Building the Right Environment to Support AI, Machine Learning and Deep Learning

The Server-side Solution
Server-side Excel automation combines the power of VSTO with the more enterprise-oriented approach of SQL Reporting Services. You can build templates, use PivotTables, and use a centralized creation and distribution system. Server-side Excel Automation also doesn't require the use of Visual Studio like VSTO does, so business intelligence users can create templates without development efforts, providing you give them enough flexibility to configure where the data needs to come from and where it needs to go. The fact that you are providing the plumbing and need to provide that flexibility is the hardest part of a custom solution like this. How far you need to take that depends on the needs of your organization, and as such is beyond the scope of this article, which is more about the technical issues for this solution.

Doing server-side Excel Automation combines the power of VSTO with the more enterprise-oriented approach of SQL Reporting Services.
There are multiple ways to do server-side Automation with Excel. Most don't actually involve Excel itself but an alternative access method to an Excel file. There are several commercial components offering such services, and you can also use OLE DB to access sheet data. These methods are all thread safe, so using them in a server application is no problem. The main drawback is that none of these methods allow you to manipulate the pivot cache. As long as you stay within the 65,535 row limit, you can base a pivot on sheet data, but once you pass that mark you have no option but to install Excel on the server and automate it there. Running Excel on the server is something you shouldn't turn to lightly, as you can read in the sidebar, Running Excel on a Server. However, in some scenarios there really isn't much choice. In a real-world application I worked on, the following requirements pushed us towards this solution:

  • Reports often require PivotTables
  • Analysis should be possible offline
  • Efficient use of network bandwidth (many users in many countries, with sometimes limited bandwidth)
  • Many different reports required, including reports for a specific country or specific person
Solution Architecture
With the requirements outlined above, my team went to the drawing board (literally) and came up with an architecture that consists of two parts: data acquisition and report generation. Data acquisition meant getting the required data from the different source systems in different parts of the world and processing them to a single table format that works well with OLAP and Excel PivotTables. Depending on the data (and the location of that data) for a specific report, this could take anywhere between a few minutes and several hours. When the processing is complete, a row is added to a table with reports to be generated. After the application has added the new records, the report generation application that monitors that table starts generating reports. Figure 1 shows the basic architecture of this application implemented as a Windows Service. The architecture very much resembles the generation process, which consists of the following steps:

Figure 1: Basic architecture of Excel reporting solution.
  1. Read a new work item from the queue table.
  2. Read the configuration for the work item.
  3. Create a generation request.
  4. Generate report for request.
  5. Publish generated report.
  6. If the configuration consists of multiple reports of the same type (for instance, one for each country), go to step 4 until all requests are done.
You can see the pluggable architecture in Figure 1. You can extend both the generation and publishing module with additional generator and publisher plugins. These plugins have to implement a specific interface. To use them you just have to change the configuration for a report. Such a configuration consists of the Excel template, generator(s), and publisher(s) to use for the report, as well as what data to load into the report, and where to put it (a sheet, a cell, or in the pivot cache).

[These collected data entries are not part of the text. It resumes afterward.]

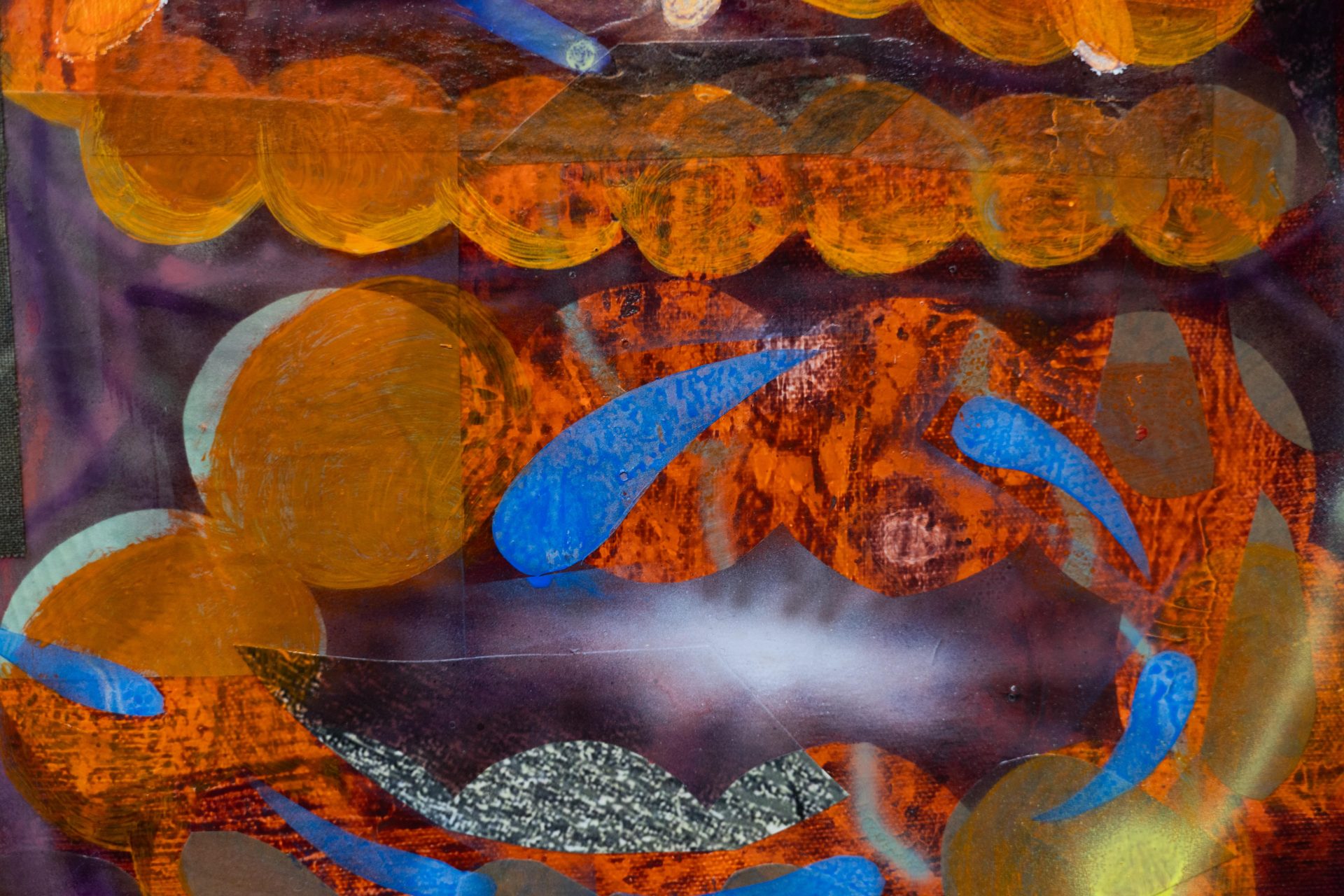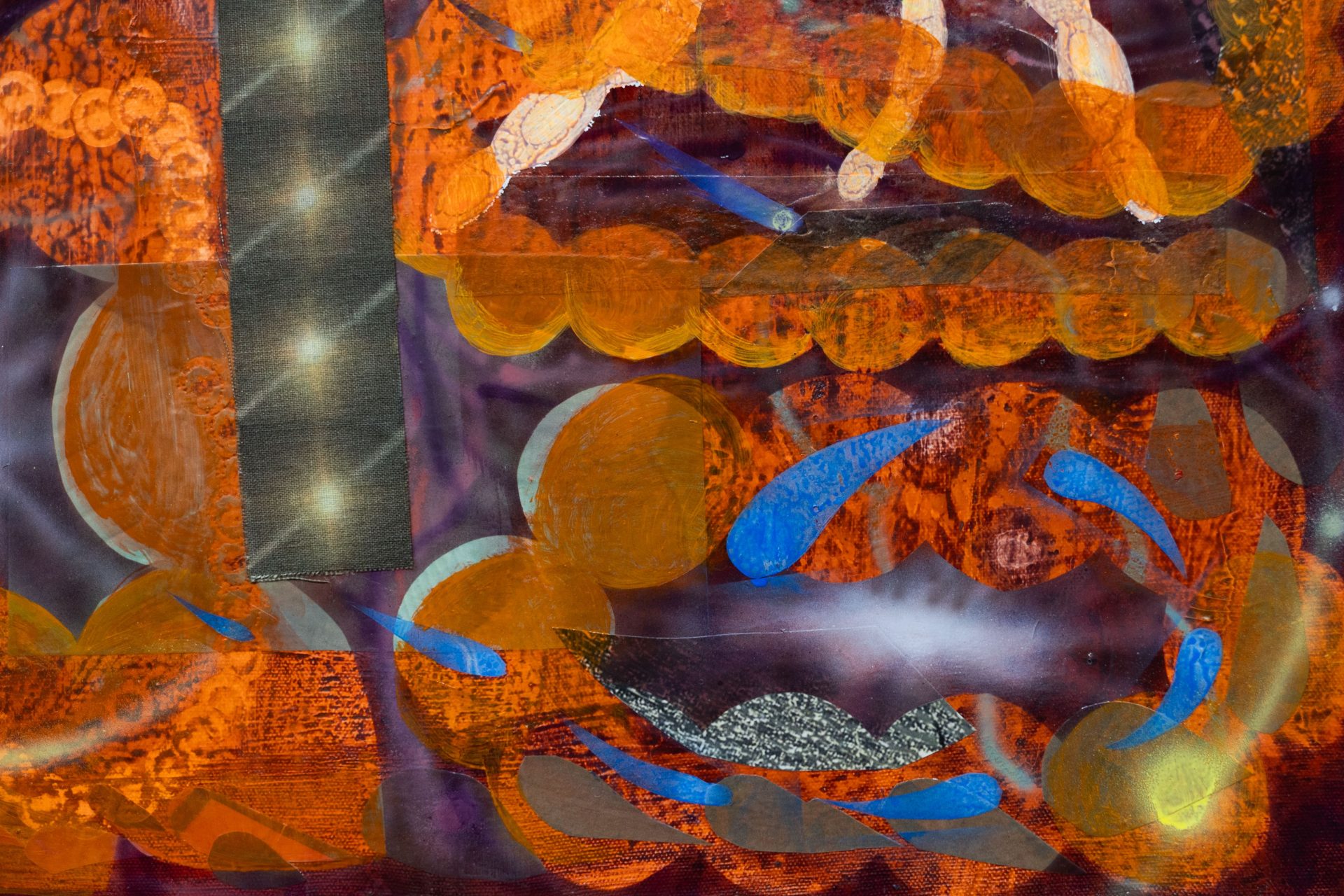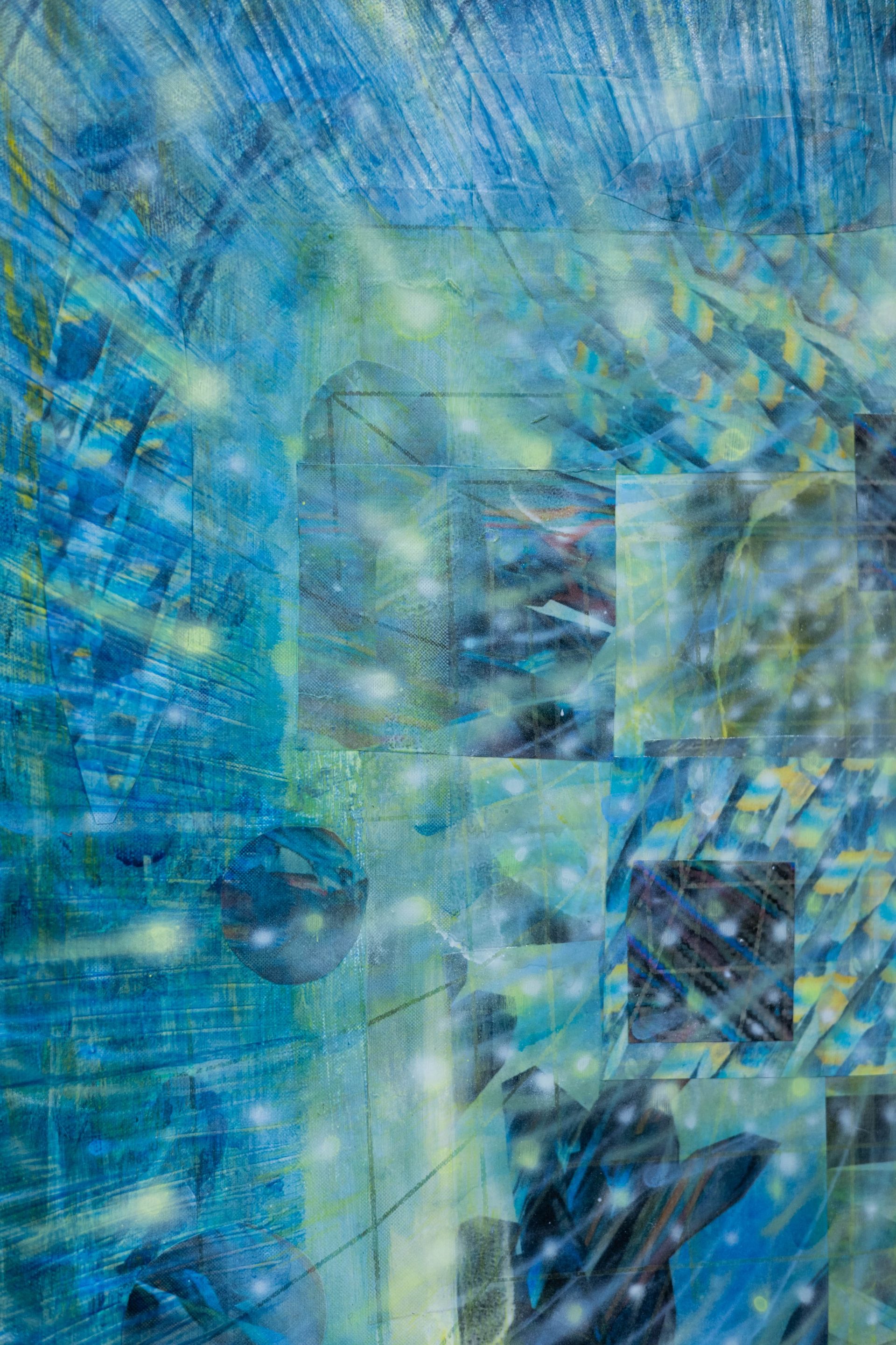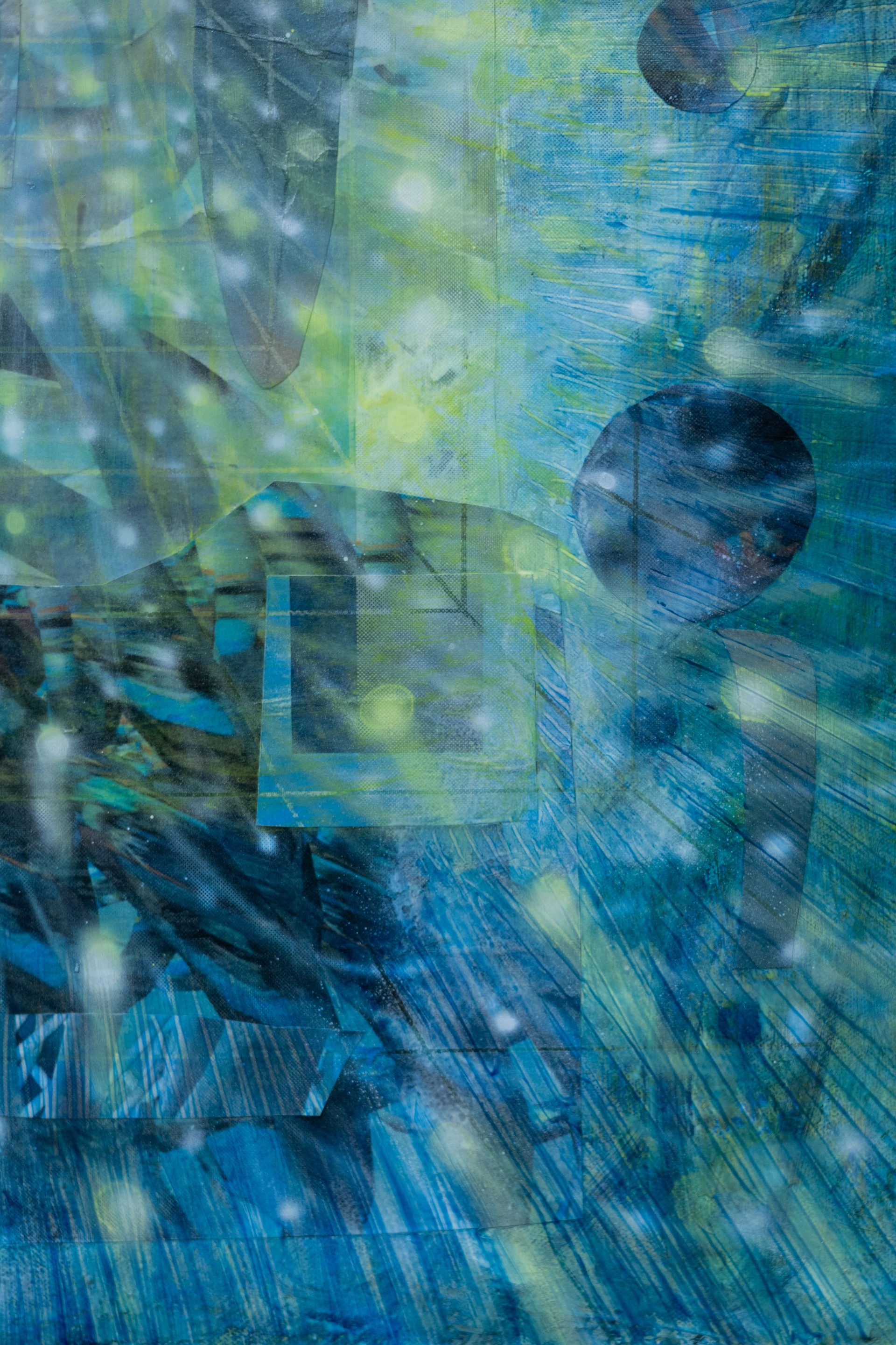 Windy Day evokes the restless atmosphere of a day shaped by unseen currents of air, where colour and form shift as if carried by the wind. The broad swathes of paint swirl and flow across the canvas like the weather itself – fleeting, unpredictable, and alive. Boundaries between sky, land, and water dissolve, suggesting a landscape that cannot remain fixed, but instead bends, stretches, and transforms. In this way, the landscape becomes a metaphor for endurance amid constant change. The wind, although invisible, leaves palpable traces of its force; it unsettles but also renews. Thread stitched into the canvas, mirrors this condition of vulnerability and strength – a reminder that turbulence can also open space for adaptation, hope, and continuity.
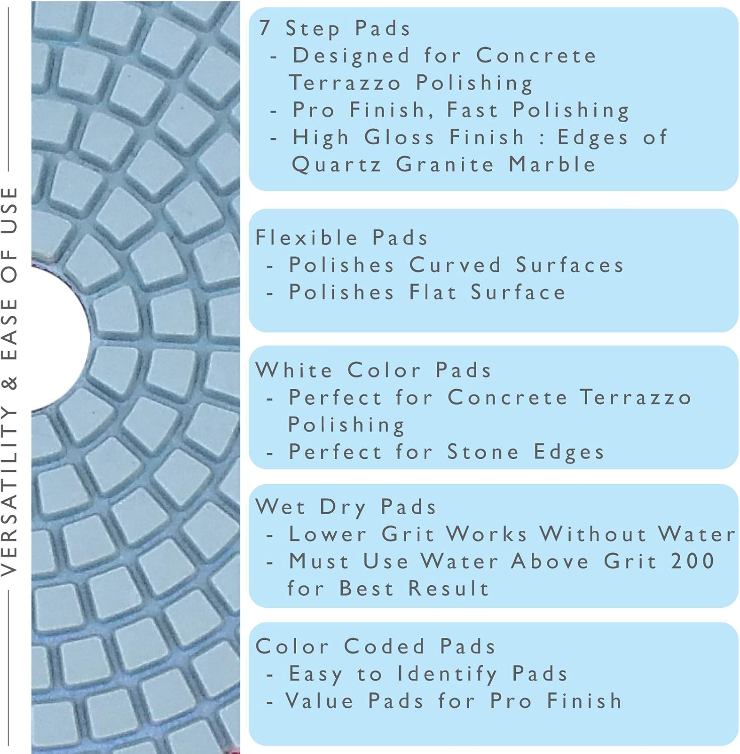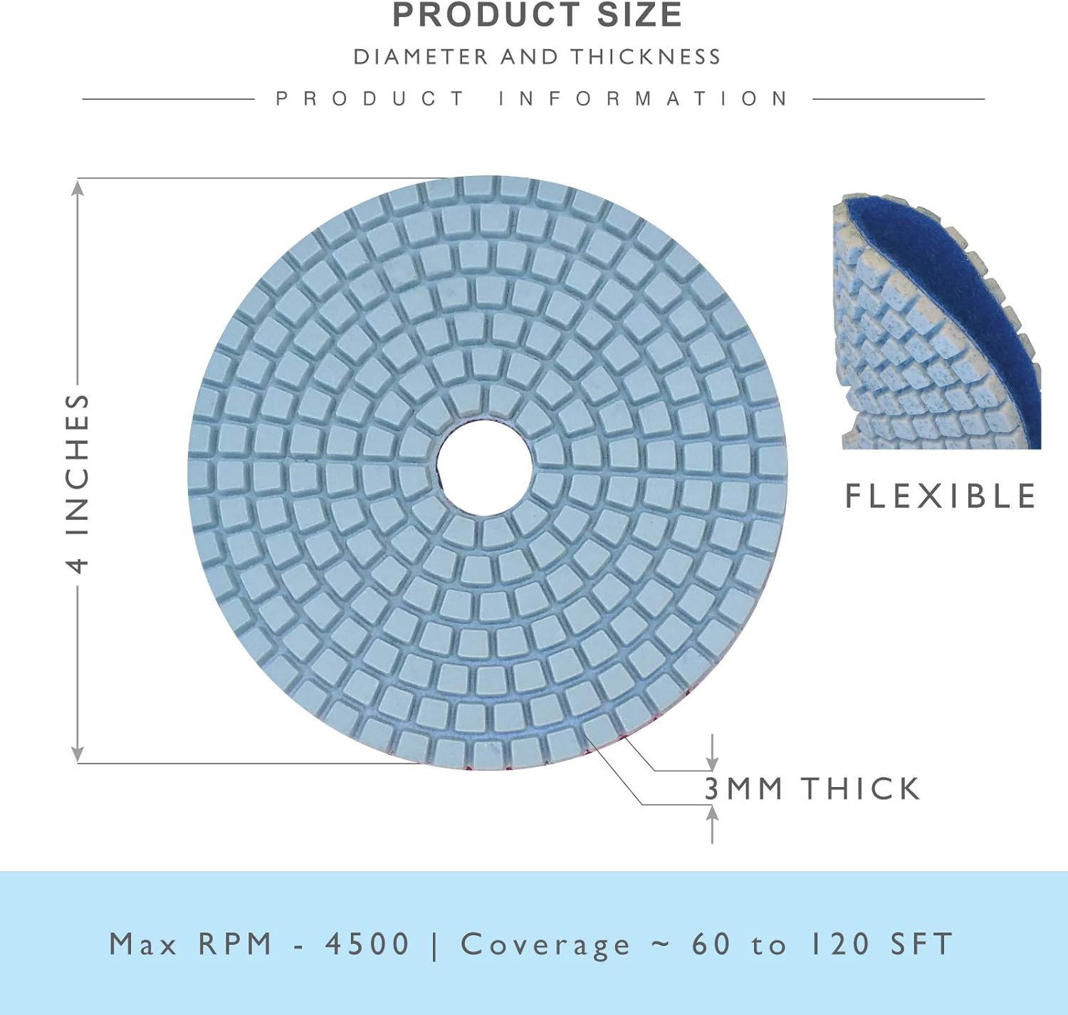 • 7 أقراص تلميع ماسية بسُمك 3 مم، مقاس 4 إنش
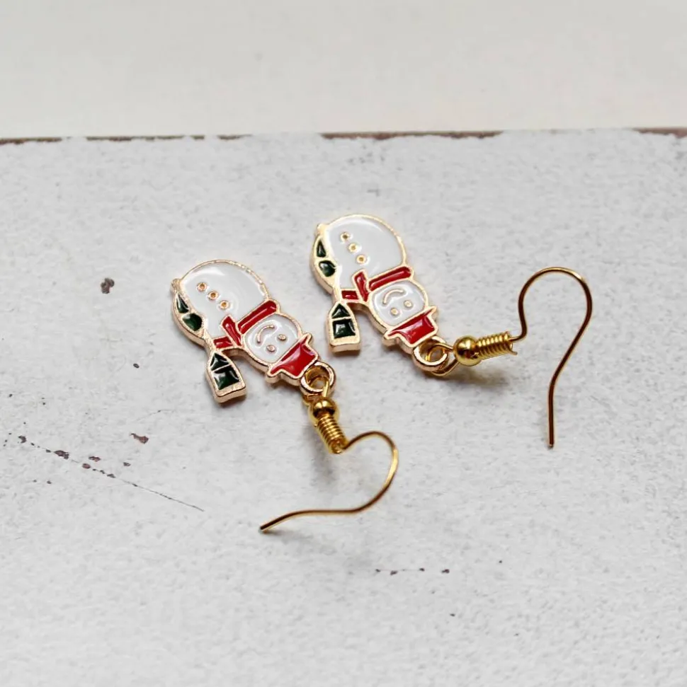 Die entzückenden Schneemann-Anhänger sind aus goldfarbenem Metall und Emaille gefertigt. Die Ohrhaken aus Edelstahl bieten nicht nur einen sicheren Halt, sondern sorgen auch für Tragekomfort den ganzen Tag über.
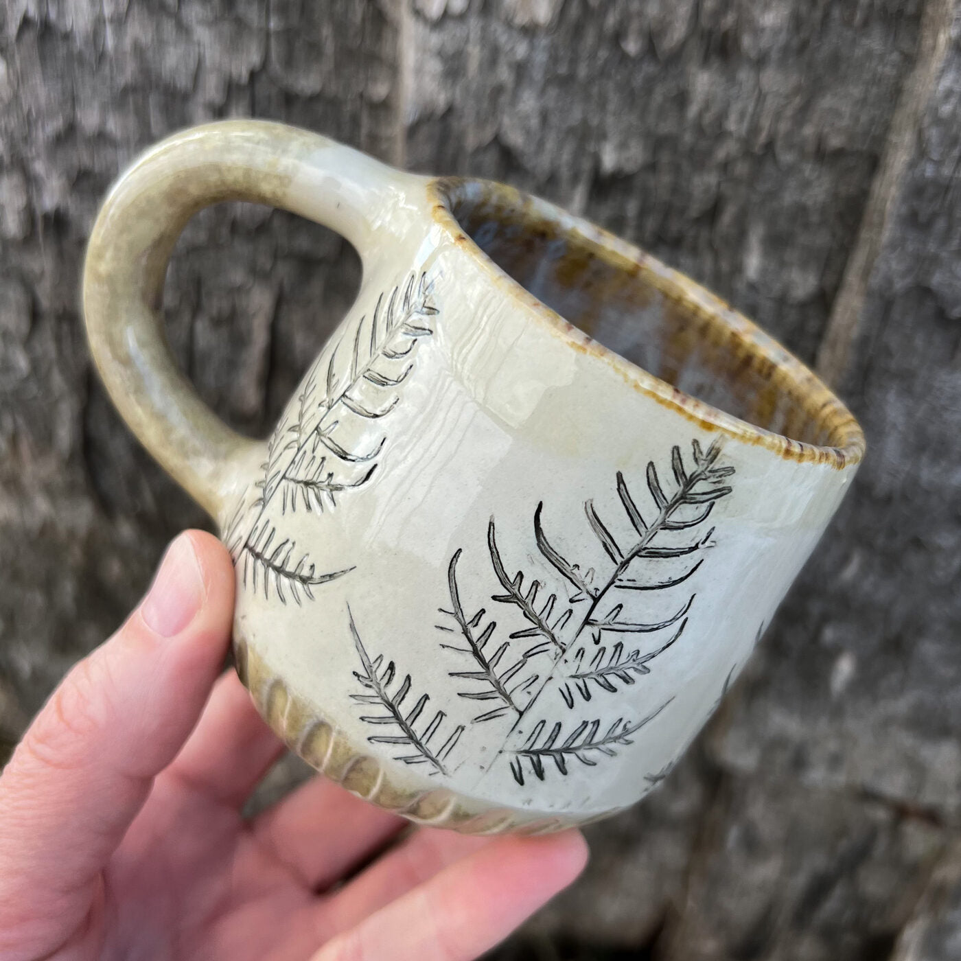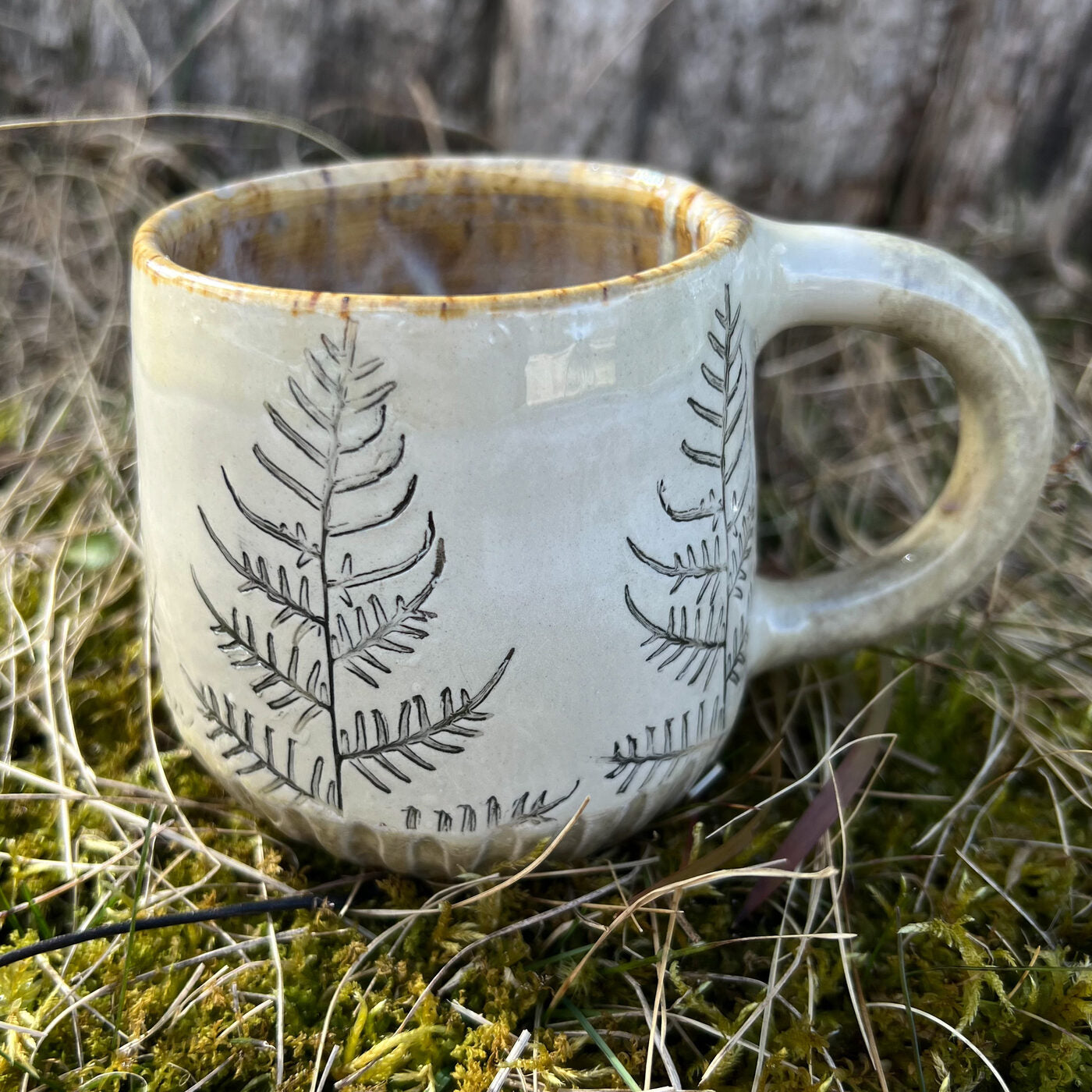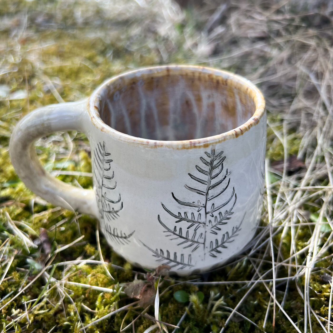 Krūzes virsma ir dekorēta ar papardes iespiedumiem, padarot katru krūzi par unikālu, teksturētu rokdarbu. Šis dabiskais akcents piešķir eleganci jūsu ikdienas galdam.

The application can parameterize the data it needs to load so that one configuration can result in multiple reports with data filtered according to the parameter. The same also applies to, for instance, the file name of the generated report and the publish location (e.g. folder), based on the same parameter. That is what a generation request is all about. It contains the actual queries, file name, publishing target, and so on, to create and publish one report file.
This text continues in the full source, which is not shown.